Not by Genes Alone offers a radical interpretation of human evolution, arguing that our ecological dominance and our singular social systems stem from a psychology uniquely adapted to create complex culture. Richerson and Boyd illustrate here that culture is neither superorganic nor the handmaiden of the genes. Rather, it is essential to human adaptation, as much a part of human biology as bipedal locomotion.
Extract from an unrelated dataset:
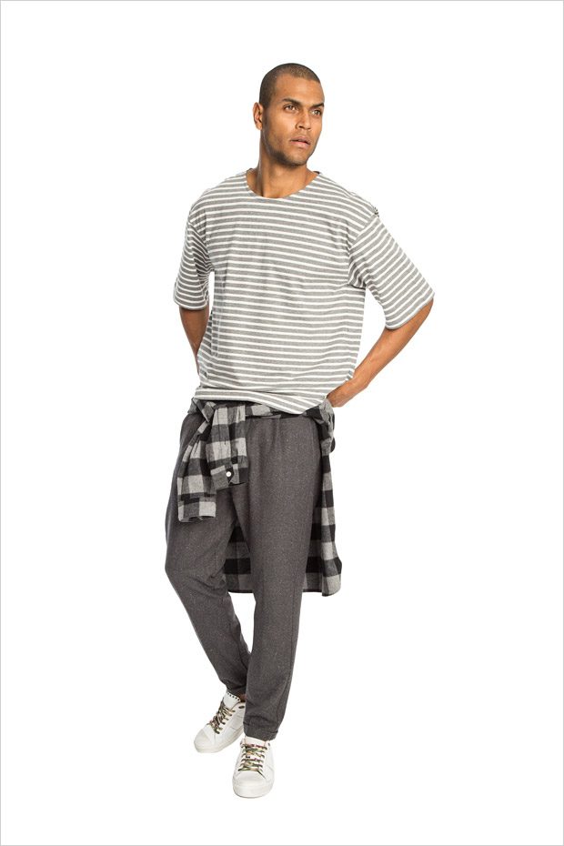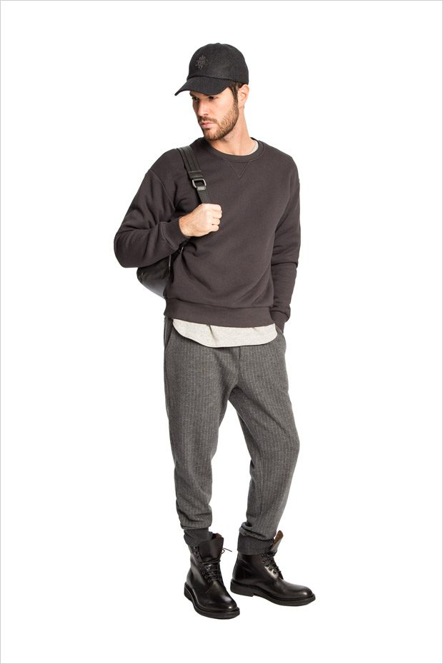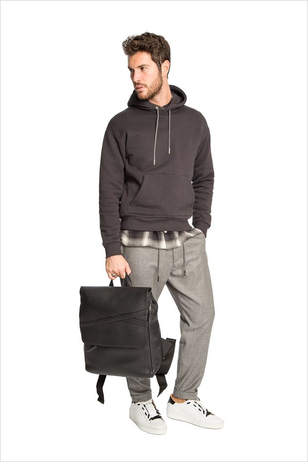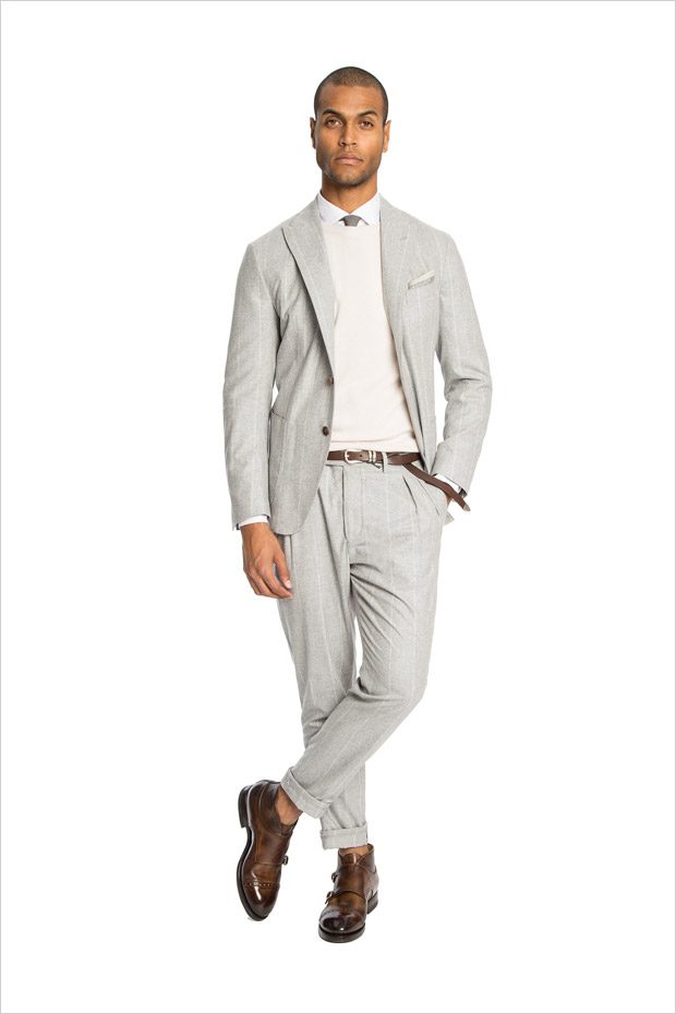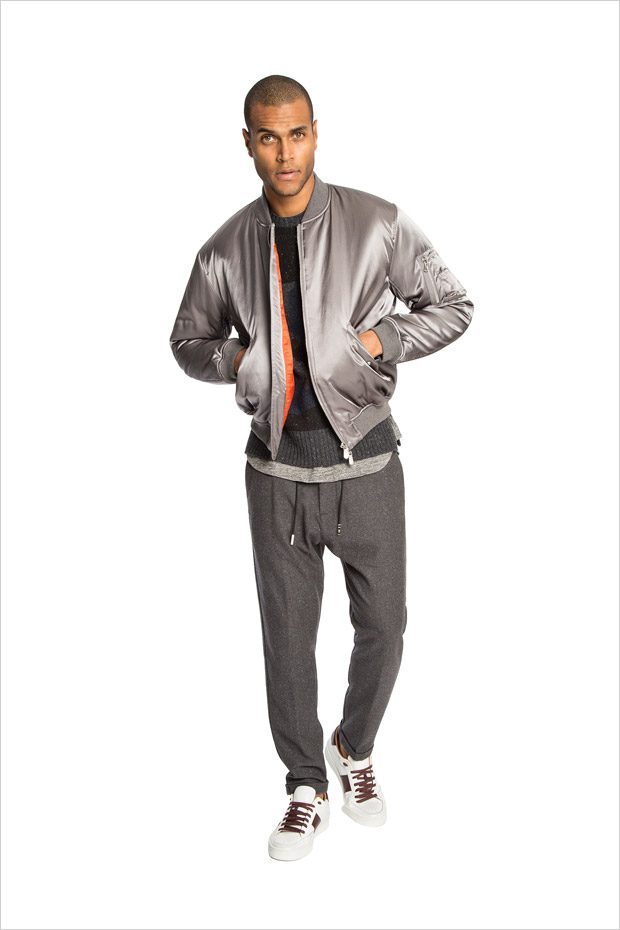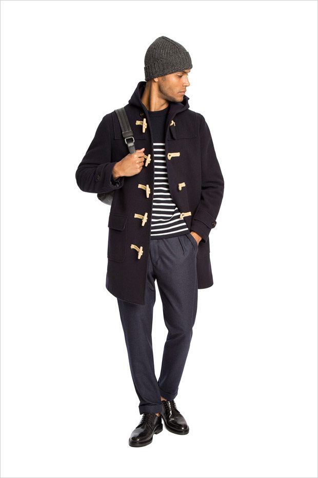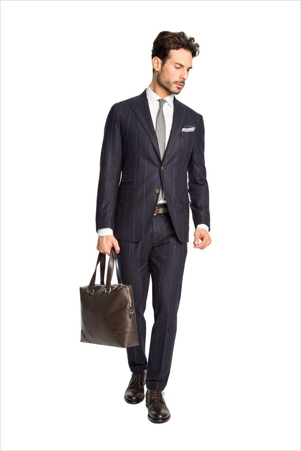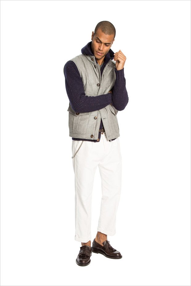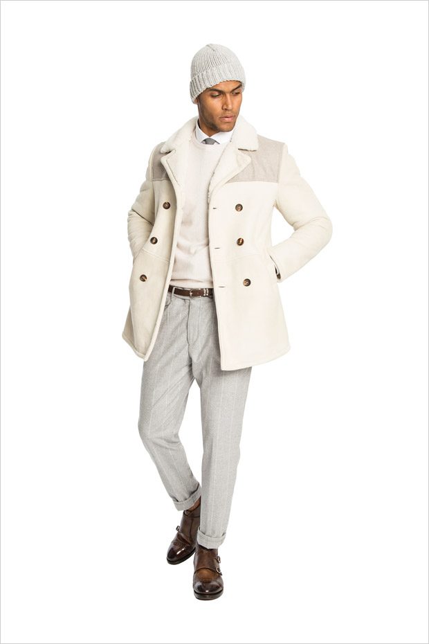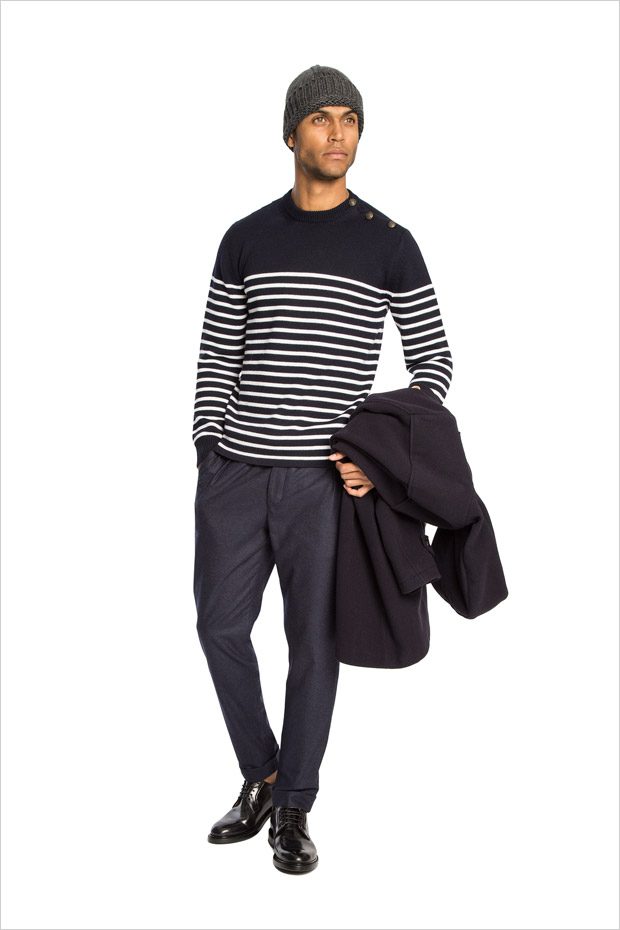 “The Eleventy Fall-Winter 2017 collection is designed to meet the needs of contemporary cosmopolitan man. The themes of the collection come from the different moments of his life. Eleventy redefines traditional dressing by using a combination of genres, introducing the new Casual Office style for the executive. It is in this area we see the tie has fallen away in favor of knits to be worn with soft jackets and cotton pants paired with untucked shirts in denim and subtle prints. The coats have been reworked to be longer and softer. Fashioned in boiled wools and cashmeres, often forgoing the traditional lapel for a shawl.” – Eleventy

Drawing on work in the fields of anthropology, political science, sociology, and economics—and building their case with such fascinating examples as kayaks, corporations, clever knots, and yams that require twelve men to carry them—Richerson and Boyd convincingly demonstrate that culture and biology are inextricably linked, and they show us how to think about their interaction in a way that yields a richer understanding of human nature.

In abandoning the nature-versus-nurture debate as fundamentally misconceived,
Not by Genes Alone is a truly original and groundbreaking theory of the role of culture in evolution and a book to be reckoned with for generations to come.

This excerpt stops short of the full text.